Nacido en Ballesteros, en el interior cordobés, durante toda su vida Juárez ha ido recogiendo y guardando miles de anécdotas que lo han convertido en un personaje rico, con una enorme simpatía que le agrega un barniz pintoresco a sus dichos y gestos. Su contacto con el tango le viene desde la infancia, donde tuvo que remar varias adversidades "Vengo de una familia de clase baja. Era hijo único y mi mamá estaba separada de mi papá, cosa que me dolió muchísimo porque yo los quería un montón a los dos", relata. "Entonces, desde muy chico tomé la responsabilidad de encontrar un trabajo, por una cuestión de honor. Pero cuando murió Julio Sosa (de quien yo era un acérrimo admirador) mi mamá me dijo: ´No quiero que trabajés más, porque ahora hace falta una voz en el tango y yo quiero que seas vos´. Y me dijo que me dedicara pura y exclusivamente a la música".

-Sos bandoneonista y cantor al mismo tiempo, algo que no es usual en los tangueros. ¿Te veían como una rareza?

-Sí, porque generalmente al ver eso todos pensaban "este o toca bien y canta mal, o canta bien y toca mal". Pero yo tengo mucha maña porque aprendí desde pibe. Ya a los 8 años cantaba acompañándome con el bandoneón, aunque mi maestro no me dejaba. El le decía a mis viejos que no me dejaran cantar, porque quería que siguiera estudiando el bandoneón y no me dispersara. Terminé dejando de estudiar.

-¿Pensás que el hecho de haber nacido en el interior te ayuda a entender mejor la doble esencia, rural y urbana, del tango?

-He hecho varios tangos criollos. Incluso un disco con guitarras junto a Roberto Grela en el que hacíamos música surera. Y no me queda mal. Debe ser porque naturalmente soy un cantante que se puede adaptar bien a lo criollo. Y creo que es porque mi forma de cantar no suena exageradamente porteña.

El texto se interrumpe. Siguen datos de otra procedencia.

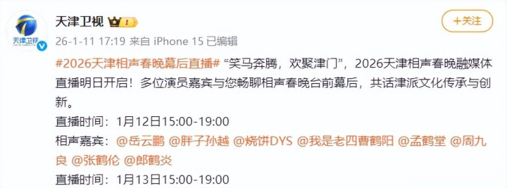 每一年过年的时辰,皆是各大卫视举办春晚的时辰。这如故是天津卫视相连许多年举办相声春晚了。而2026年,天津卫视依然挂出了“相声春晚”的牌子,而主力军依然是德云社的相声演员。天津卫视发布了一则博文,实质是参演相声春晚的演员进行直播。这其中就包括来自德云社的岳云鹏、孙越、郭德纲、于谦、烧饼、曹鹤阳、孟鹤堂、周九良、张鹤伦、郎鹤炎、栾云平、孔云龙、张鹤擎、王九龙、张九南等东谈主。这些东谈主应该是投入相声春晚的主要演员。

El "gordo". Obviamente, entre los principales recuerdos de Rubén está el del primer encuentro con su principal mentor, el gran "Pichuco" Troilo. "Cuando salió mi primer simple, Para vos, canilla, se vendía en todos los kioscos de diarios del país, porque el Sindicato de Canillitas me ayudó", cuenta. "Es que me querían mucho, además ser canillita me atraía, fue una profesión frustrada para mí. Y cuando comenzó a difundirse el disco por la radio, Pichuco comenzó a averiguar quién era yo, porque me quería como cantante de su banda. Fuimos a conocerlo al estudio donde estaba grabando y casi me morí, porque verlo al ´Gordo´ era como ver a Dios. Y en un momento me llama, me agarra del cachete y me dice: ´Ya me contaron que vas a ser el cantante de mi banda, pero yo quiero decirte algo:¿me dejás ser tu padrino artístico? Ojo que yo soy muy exigente, pero vos tenés muchas condiciones y no quiero que te me escapes para ningún lado˜."

-¿Y qué recuerdo guardás de tu presentación en ese legendario programa de variedades que fue "Sábados circulares"?

-Yo tuve un manager muy capaz, Horacio Quintana, que me abrió un montón de puertas. El tipo tenía mucho oficio. Pasa que, imaginate, representaba también a Hugo del Carril y Atahualpa Yupanqui. Y él no quiso llevarme a Grandes valores del tango, e hizo que me presentarme en Sábados circulares. A la gente veterana del tango medio que no le gustó. Es que te sobreprotegen un poco, pero es nada más que por exceso de amor.

-Tener 40 años de carrera a los 61 es todo un logro. ¿Cuál pensás que fue la clave?

-Tengo mucho humor. Y con eso se vive mucho más. Todos los días me levanto sonriente y le agradezco a Dios estar despierto. No concibo levantarme de mal humor, no puedo. Y esa es la base de todo, la fórmula para sentirse joven. ¡Y, por supuesto, jamás hablo de enfermedades!